Furthermore, Canada has recently introduced The Canadian Net Zero Emissions Accountability Act wherein the government has proposed to achieve net-zero emissions by 2050 (Government of Canada, 2022). Hence, the companies would have to invest in the R & D of innovative techniques to conduct business in an environment-friendly manner.
To encapsulate, Brazil is the largest coffee exporter in the world and the QSR companies can save their expenses as the US has an agreement with Brazil wherein the import of coffee from Brazil in the US is tax-free. Further, the QSR companies in both US and Canada have the advantage of selling affordable products, and the negative shift in economic parameters like growth rate, inflation rate, and other parameters wouldn’t have much impact on their sales.
Furthermore, the companies can benefit from the trend related to the high consumption of fast food in the US. The companies need to be cautious while entering the market as it is mandatory for them to publish the nutritional value of the products and in Canada, the companies need to attain the consent of the customers before sending them the messages related to the marketing.
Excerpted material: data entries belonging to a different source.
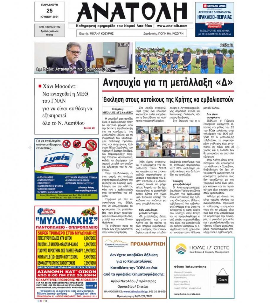 Πρωτοσέλιδο εφημερίδας “Ανατολή” 25/6/2021
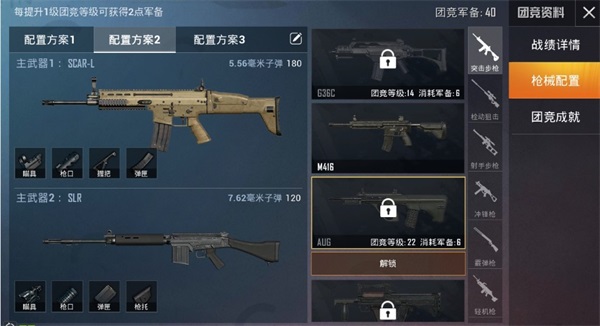 接下里,我们来认识一下团竞详情设置里最重要的一部分——“枪械配置”。在目前的游戏版本中,特种兵不需要在“出生点”去拾取枪械,而是使用自己已经搭配好的枪械配置。基本上特种兵在经典模式中可以使用的枪械在这里面都可以进行搭配,并且是全配件加持的。唯一需要注意的便是这里面的枪械需要事先进行解锁。解锁枪械的条件便是满足一定的团竞等级和消耗一定的军备点数。由于军备点数有限,所以特种兵在解锁枪械的时候一定认真考虑,选择自己擅长并且适合团竞模式的枪械进行解锁。
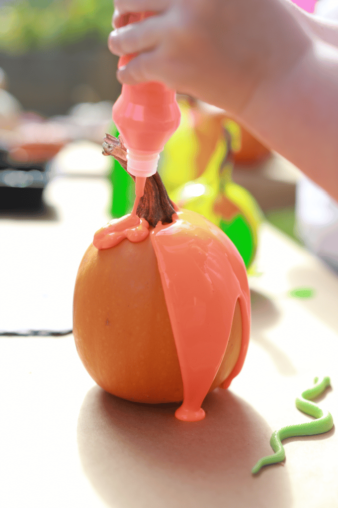 Une fois que vous avez essayé la peinture de base, vous devez essayer la peinture à presser ! Les flacons à presser sont tellement faciles et amusants à utiliser pour les enfants. Il suffit de laisser votre enfant presser la peinture sur la citrouille, de la laisser couler et se mélanger aux autres couleurs.
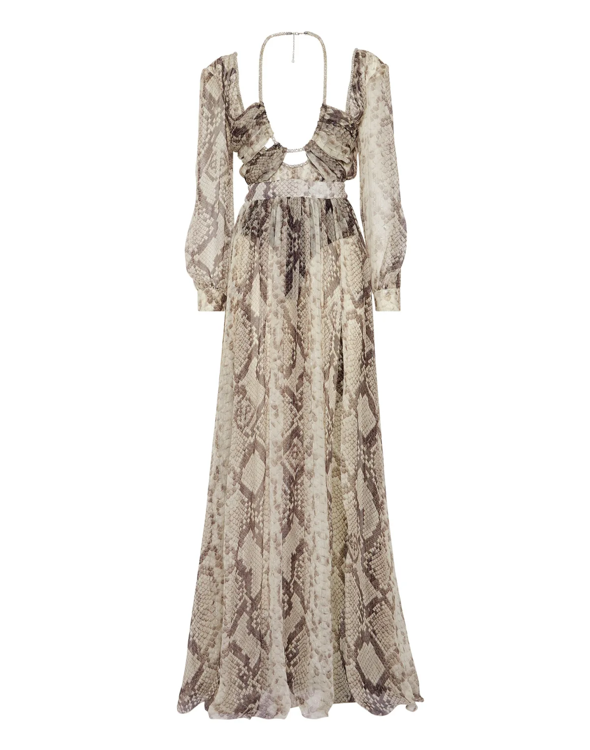 Speciale evenementen vragen om unieke kleding. Wij stellen deze chiffon jurk met lange mouwen voor. Ontdek meer. Pythonprint lichtste chiffon van zijdemix Lurexgaren in de stof laat de jurk glinsteren Diep gedrapeerde halslijn in de taille Laag uitgesneden rug Pofmouwen met manchetten en sierknopen Zwaar gedrapeerd voor beweging en luchtigheid Hoge split links Onzichtbare ritssluiting middenachter
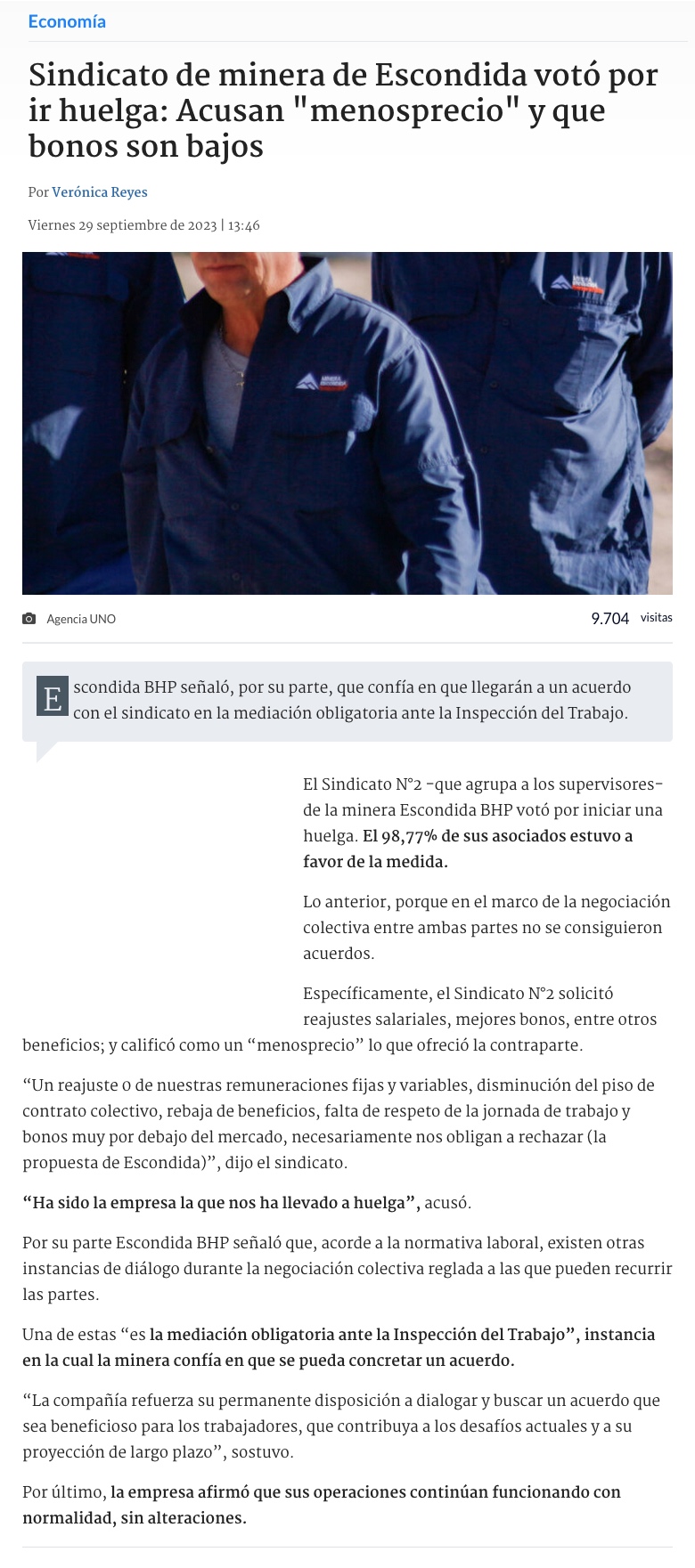 Sindicato de Supervisores de Escondida votó a favor de la huelga - (cooperativa online)
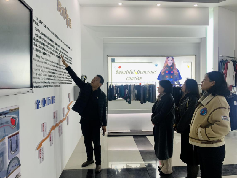 在尚诚服饰集团调研中,李芹燕一行实地参观了企业智能吊挂生产线、数字化车间及工业设计中心,详细了解企业从设计研发到生产销售的全产业链布局。集团负责人韦小龙经理还特别提到,目前已有开云官网多名服装专业校友在企业担任核心岗位,其中2020届毕业生麻晓鸿作为板房主管,主导了多款海外热销产品的开发,充分展现了学院人才培养的实践性与行业适配性。企业负责人对学院实习生和毕业生表现出的创新设计能力、工艺技术水平及职业素养给予高度评价。校企双方围绕“智能服装生产”“品牌孵化”“生态链协同”等议题达成合作意向,计划通过共建实训基地、引入企业真实项目进课堂等方式,强化学生实践能力与行业前沿需求衔接。
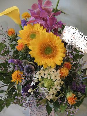 レモン色とオレンジ色のヒマワリを使ってのアレンジメントでした☆
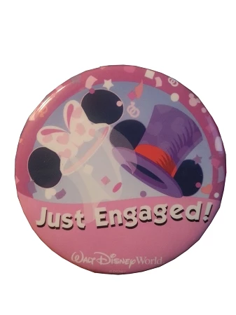 This Disney Souvenir Button is a wonderful way to show off your engagement. Features a image of bride and groom ear hats with “Just Engaged” underneath, as well as the Walt Disney World Logo.
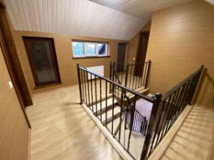 Второй этаж: одна комната из эмитации бруса . Другая комната из мдф панелей. Потолки евровагонка.
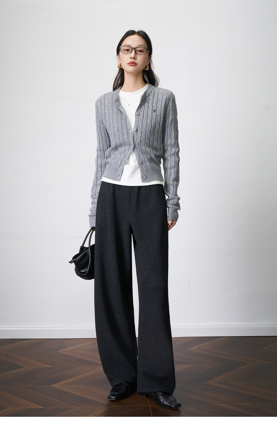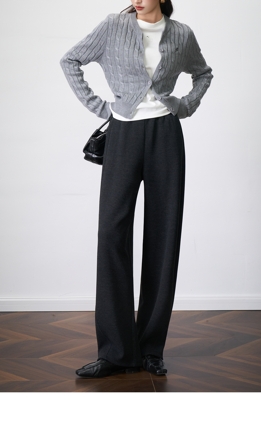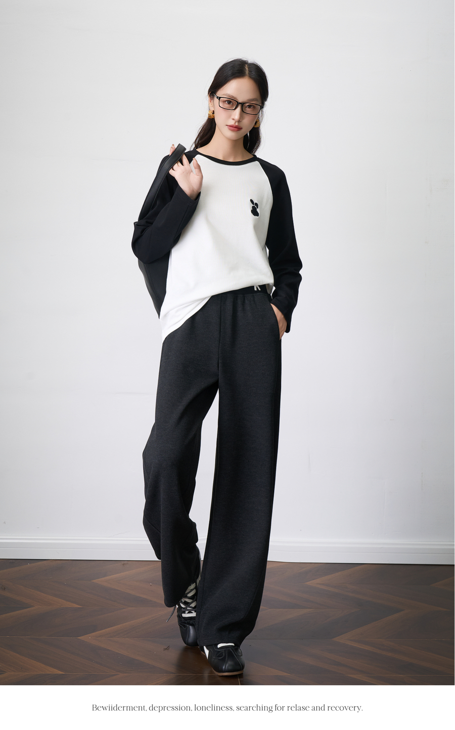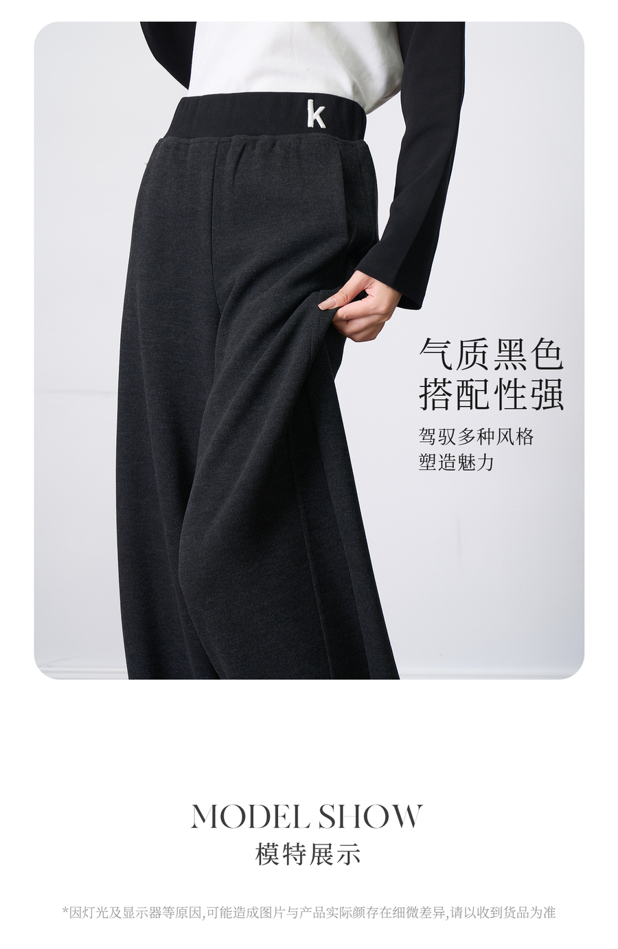 OLrain欧芮儿2025新款女秋季字母刺绣加厚针织休闲裤弯刀阔腿卫裤

Both the governments of the US and Canada are focusing on environmental sustainability and have introduced various norms like banning single-use plastic. This can be a challenge for the QSR companies as they have to opt for alternate and more expensive options for packaging the products and providing cutlery.
Also, you can read our well-researched and pragmatic SWOT Analysis of Dunkin Donuts to evaluate the strengths and weaknesses of the company. These strengths and weaknesses play a crucial role in terms of exploiting opportunities or mitigating threats identified using this PESTLE analysis.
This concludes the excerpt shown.